Abstracts

Rationale: In focal epilepsy, spontaneous high frequency oscillations (HFOs: 80-500 Hz) occur in intracranial EEG recordings. HFOs seem a marker of epileptogenicity and can be useful to delineate the epileptogenic region. If they could be evaluated per-operatively, this could improve epilepsy surgery. However, the clinical use is now compromised because artefact-free recordings in sleep, followed by time-consuming analyses, are needed. HFOs occur in brain regions that are sensitive to produce after discharges at electrical stimulation for function localization. With single pulse stimulation it has been demonstrated that spike-like delayed responses can be evoked, which are partly pathological.
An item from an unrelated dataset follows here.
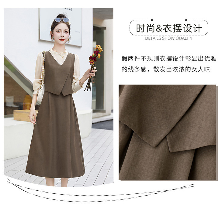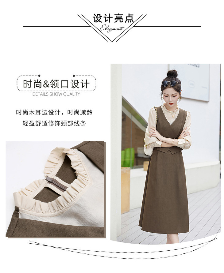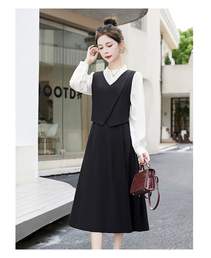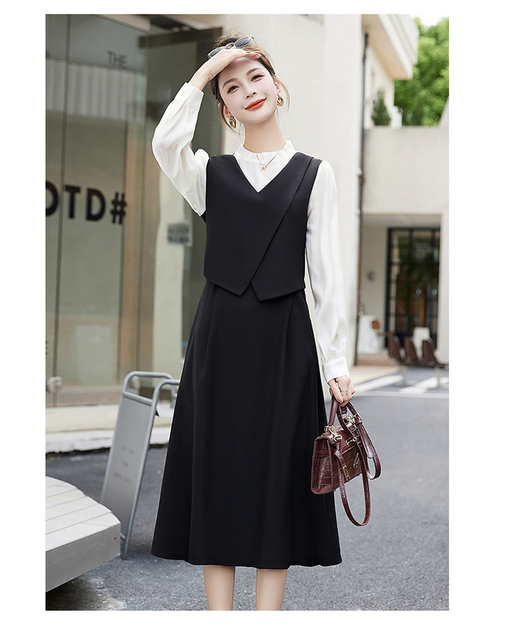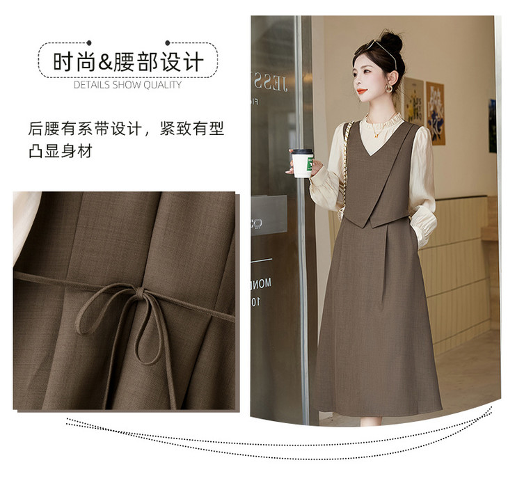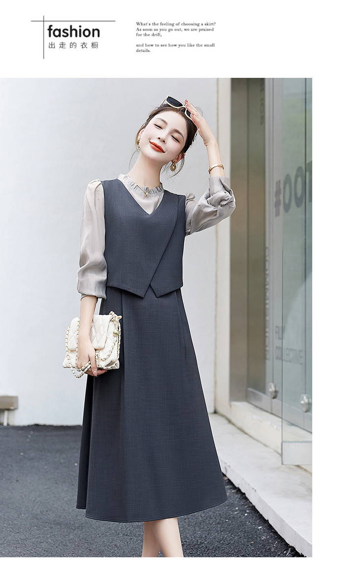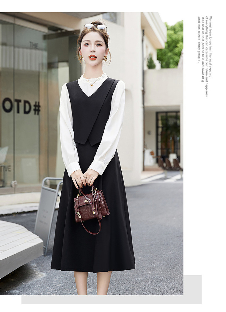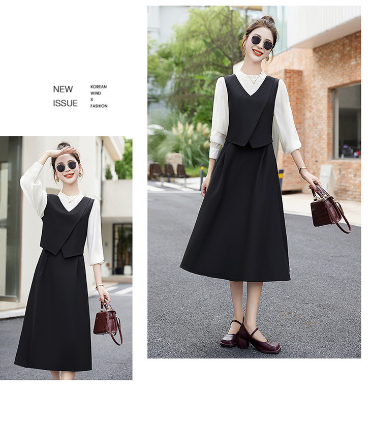 2024秋季新款圆领小个子减龄显长裙时尚拼接假两件连衣裙HR- HANYUSHE2366

If pathological HFOs could be evoked likewise, this might improve the feasibility of using them for clinical purposes. We studied whether it is possible to evoke HFOs by single pulse stimulation. Methods: A 32 year old female patient with longstanding temporal lobe epilepsy was evaluated for surgery with subdural electrocorticography. 64 channels were recorded at 2048 Hz sample rate and evaluated by stimulating each consecutive electrode pair with ten single pulses of one millisecond duration, with inter-pulse intervals of five seconds. The bipolar channels were visually evaluated for evoked HFOs after the EEG was high-pass filtered by comparing one second before the stimulus to one second after the stimulus. Responses were divided into early and delayed responses and into ripples (80-250 Hz) and fast ripples (250-500 Hz). Two channels were compared specifically: a seizure onset zone channel and a non-seizure onset zone channel. Results: Early and delayed HFO responses could be evoked, both ripples and fast ripples. Ripple, fast ripple and spike responses all occurred significantly more often in the presumed seizure onset zone channel than in the non-seizure onset zone channel (paired t-test). However, spike responses also occurred in the presumed non-seizure onset zone channel, while HFOs did not. Conclusions: HFOs can be evoked by single pulse electrical stimulation and might be more specific for the seizure onset zone than single pulse evoked spike responses. Single pulse may offer an easy method to evoke and evaluate pathological HFOs in clinical practice.